Has anyone ever ran into this issue? Could you please provide information on how you have this setup at your organization?

[ducthcogtechie]

Open Cognos Configuration.
Go to Security/authentication. "Restrict access to members of the built-in namespace?"
By default it's set to false, hence anybody can login. Set to true and only people who are member
of a(ny) role/group inside the built-in cognos 8 namespace can authenticate succesfully.

[CognosPolzovatel]

User dutchcogtechie:

As posted in my question, I already set that property to True and re-started the Cognos 8 service - and to my surprise, this didn't work. Hence, the posting of my question.

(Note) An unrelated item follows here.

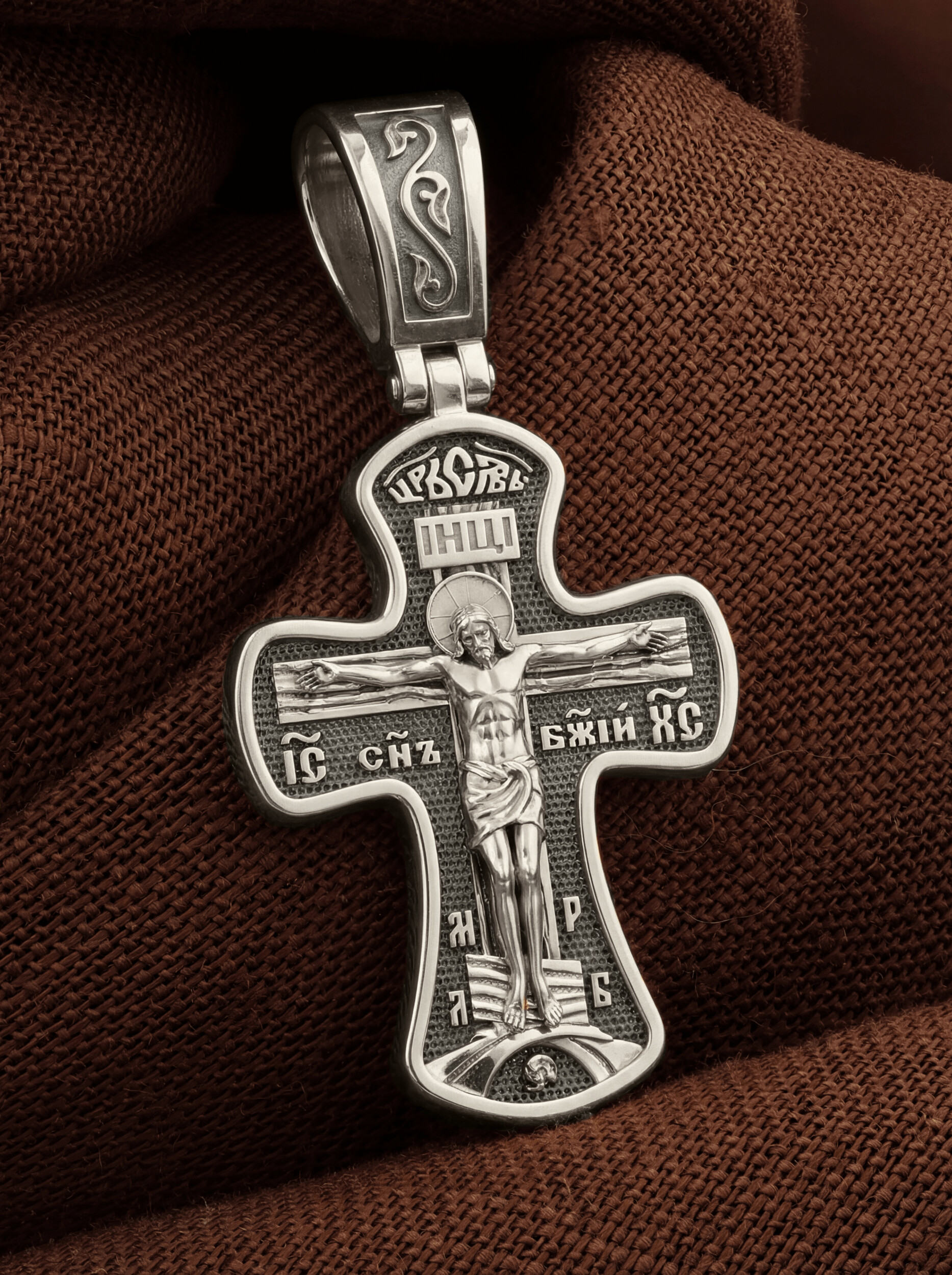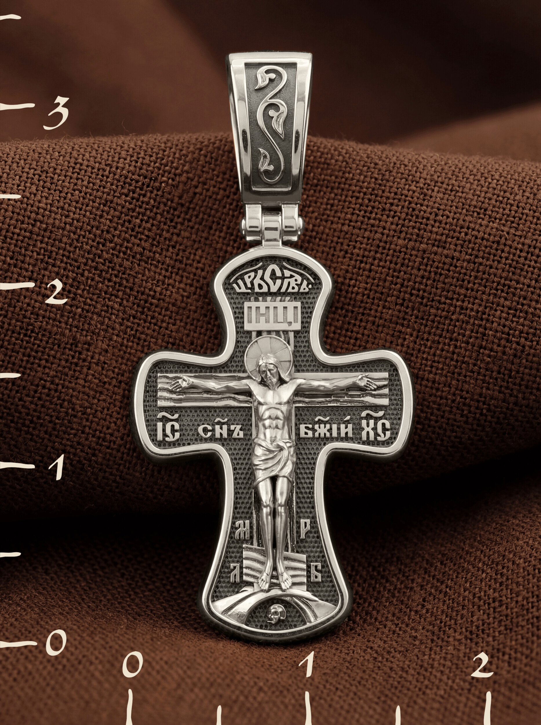 Крест четырехконечный со слегка расширяющимися лопастями. Такая форма креста имеет многочисленные духовные смыслы. Ее устремленная ввысь вертикаль означает справедливость и непреложность Божественных заповедей, прямоту Божией правды и истины, не допускающей никаких нарушений. Эта прямота пересекается поперечной перекладиной, означающей любовь и милость Божию к грешным людям. На лицевой стороне креста изображено Распятие, потому что это орудие казни Иисус Христос сделал орудием победы над грехом и смертью. На лицевой стороне креста изображено Распятие Иисуса Христа. Над титлом видим слова «ЦРЬ СЛВЫ» — Царь Славы. Верхняя перекладина символизирует собой табличку с надписью «IHЦI» — Иисус Назарянин Царь Иудейский. Над перекладиной пишется сокращенно имя Спасителя «IC XC» — Иисус Христос и словосочетание «СНЪ БЖIЙ» — «СЫН БОЖИЙ». Две пары букв на кресте «МЛ» «РБ» означают: Место Лобное Рай Бысть. Возвышение, на котором стоит Крест, символизирует гору Голгофу, на которой произошло Распятие. У подножия Креста изображают прах Адама, обозначенный черепом.
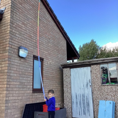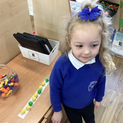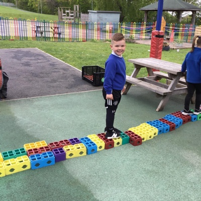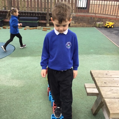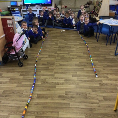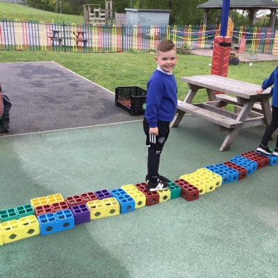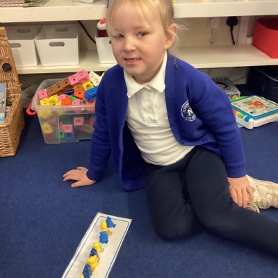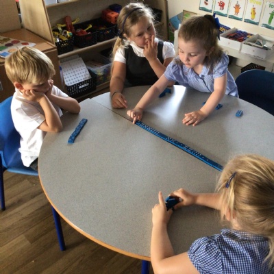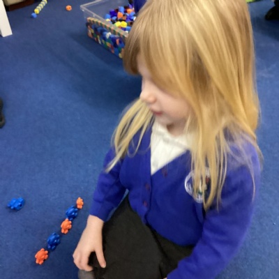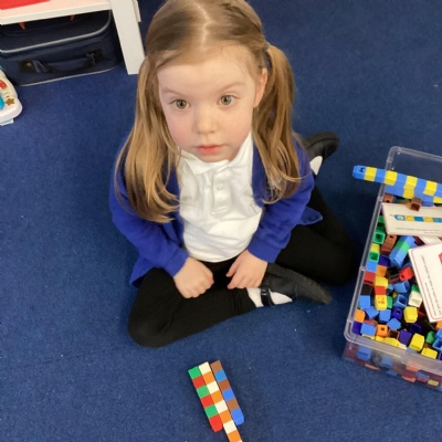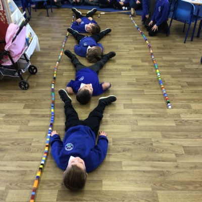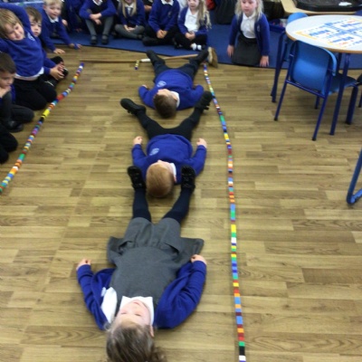 We made long snakes with the cubes and measured them using ourselves!  One snake was 3 children long and the other was 4 children long.  We also found sticks outside and compared their length using “longer than” and “shorter than”.

"“When an external authentication source is added to the Cognos 8 configuration, it is implied that all users in that source will have access to Cognos Connection. Now with Cognos 8, the ability exists to restrict access to the Cognos Connection portal and allow only members of the built-in Cognos namespace to view the content. By setting the value to ‘True’, the user logging in must be explicitly part of a group with the Cognos namespace, or a member of a group in the external authentication source that is a member of a Cognos group.”

I have this setting set to 'True.' I also have the Anonymous setting set to 'False.' All users who are part of the LDAP namespace, however, are still able to login to the Cognos Connection.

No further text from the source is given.